Research Article | Open Access

Volume 2020 | Article ID 1341563 | https://doi.org/10.1155/2020/1341563

Hydrothermal Catalytic Conversion of Glucose into Lactic Acid with Acidic MIL-101(Fe)

Xiaofang Liu,¹Zhigang Liu,¹Qiuyun Zhang,²Hongguo Wu,³and Rui Wang¹

Academic Editor: Hassan Arida

Received23 Dec 2019

Revised26 Feb 2020

Accepted02 Mar 2020

Published13 Apr 2020

Abstract

MIL-101(Fe) was explored for the first time for the catalytic conversion of glucose into lactic acid (LA). The as-synthesized MIL-101(Fe) was successfully characterized, and its higher specific surface area, porosity, and feasible acid properties were confirmed to determine the remarkable catalytic activity in glucose-to-LA conversion (up to 25.4% yield) compared with other catalysts like MIL-101(Cr, Al) and UiO-66(Zr). The reaction parameters including temperature, reaction time, and substrate species as well as catalyst reusability were discussed.

1. Introduction

Lactic acid (LA), the most versatile biomass-derived platform molecule, has made numerous contributions in the food industry, cosmetic, and chemical industries [1, 2]. It is also a significant building block for the formation of large-scale noticeable intermediates, such as propylene glycol, 2,3-pentanedione, pyruvic acid, and alkyl lactates [3]. Furthermore, LA is the feedstock for the manufacture of biodegradable plastics such as polylactic acid, a potential candidate to supersede petroleum-derived polymers.

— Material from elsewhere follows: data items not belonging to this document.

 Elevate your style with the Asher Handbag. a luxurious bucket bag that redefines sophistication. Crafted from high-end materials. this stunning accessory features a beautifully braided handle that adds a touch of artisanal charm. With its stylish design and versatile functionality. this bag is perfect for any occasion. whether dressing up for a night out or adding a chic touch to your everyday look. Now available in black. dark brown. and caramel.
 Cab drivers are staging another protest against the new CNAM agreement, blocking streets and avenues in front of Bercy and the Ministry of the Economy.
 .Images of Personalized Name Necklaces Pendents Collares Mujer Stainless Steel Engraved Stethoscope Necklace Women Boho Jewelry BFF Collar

Currently, LA is primarily prepared through the conventional biotechnological process via the fermentation of carbohydrates [1]. For the sake of conquering the detriments including high enzyme cost, low space-time yield, undesirable waste effluents, and large complexity in purification of the bio-fermentation technology, significant efforts have been paid for the effective chemical catalytic processes for obtaining LA from biomass-based material with satisfactory yield and selectivity under moderate conditions [4–8].

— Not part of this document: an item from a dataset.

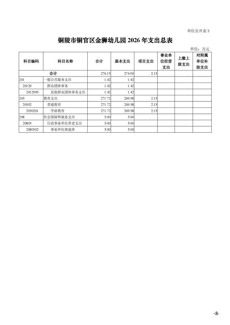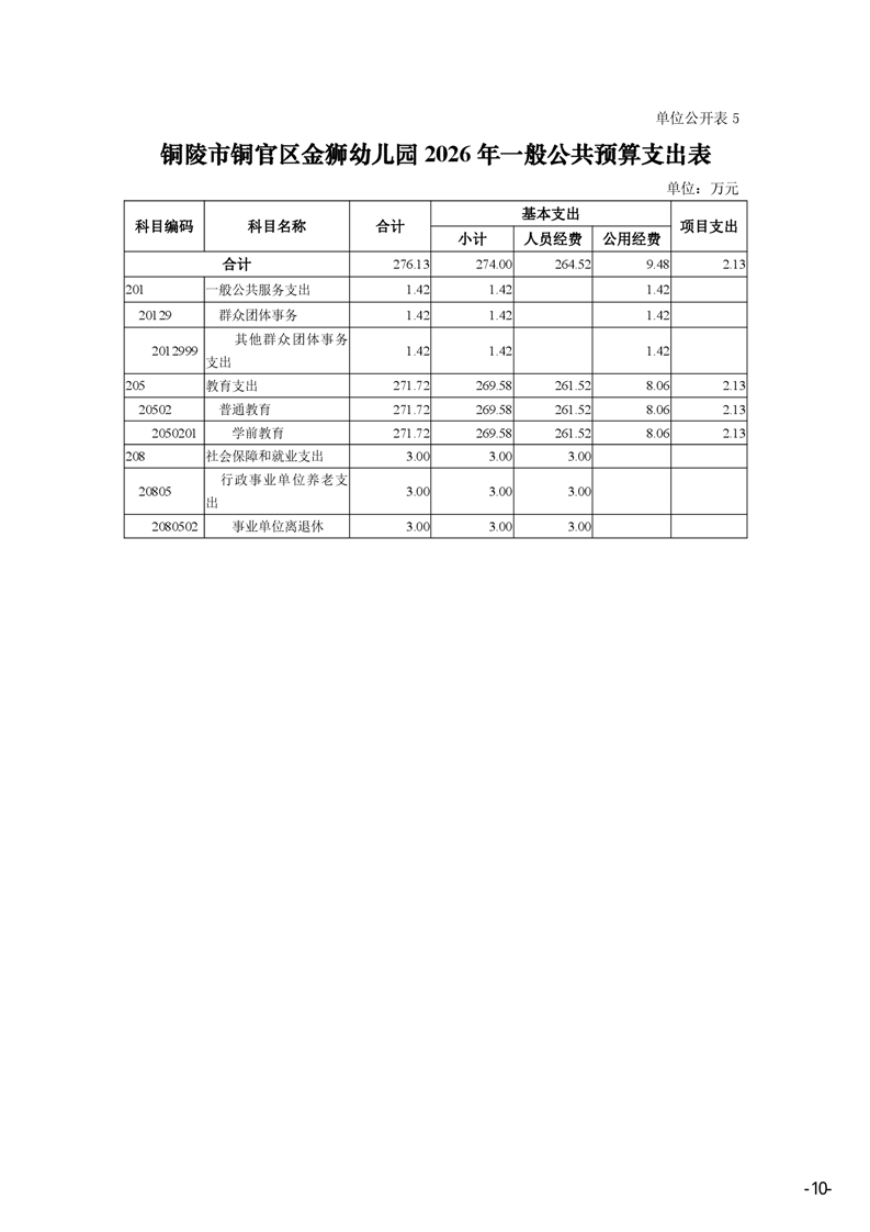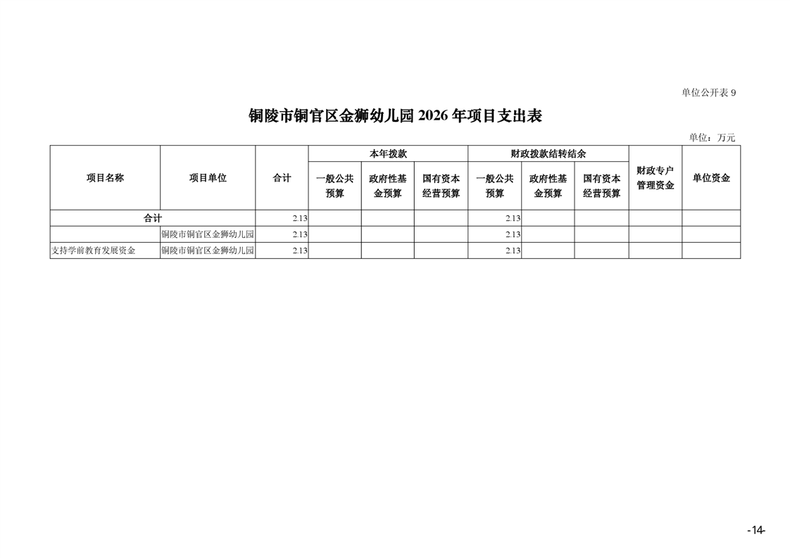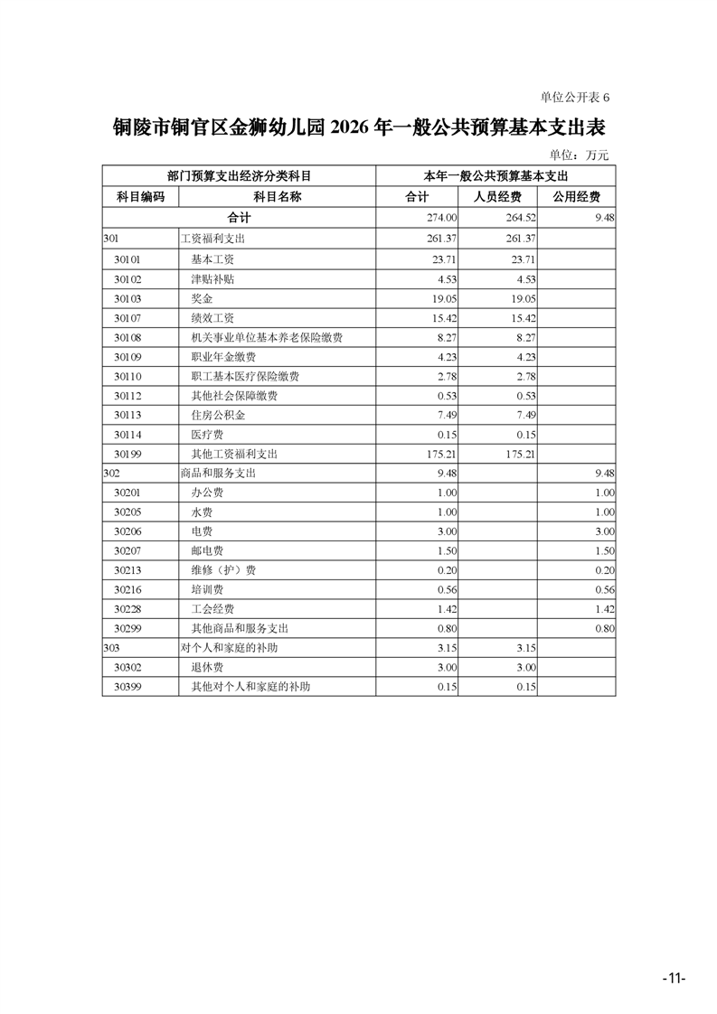 铜陵市铜官区金狮幼儿园2026年预算-铜官区人民政府

In comparison with homogeneous catalysts, solid catalysts can be readily recovered without any substantial change in catalytic effectiveness. Metal-organic framework (MOF) catalysts showed excellent catalytic efficiency [9–11] in the transformation of carbohydrates to LA due to their structural properties. MOFs drew notable attention on account of the unique properties, such as extremely high surface areas, tunable pore volumes, adjustable pores, and multifunctionalization [12–15]. The existence of coordinatively unsaturated metal sites (CUS) in MOFs facilitates their interactions with substrates, the metal ion, or cluster serving as Lewis acid or redox center [16, 17]. MIL-101 as an efficient Lewis acid catalyst is able to catalyze the benzaldehyde cyanosilylation reaction [18], carboxylation of epoxides [19], and benzylic oxidation of tetralin [20].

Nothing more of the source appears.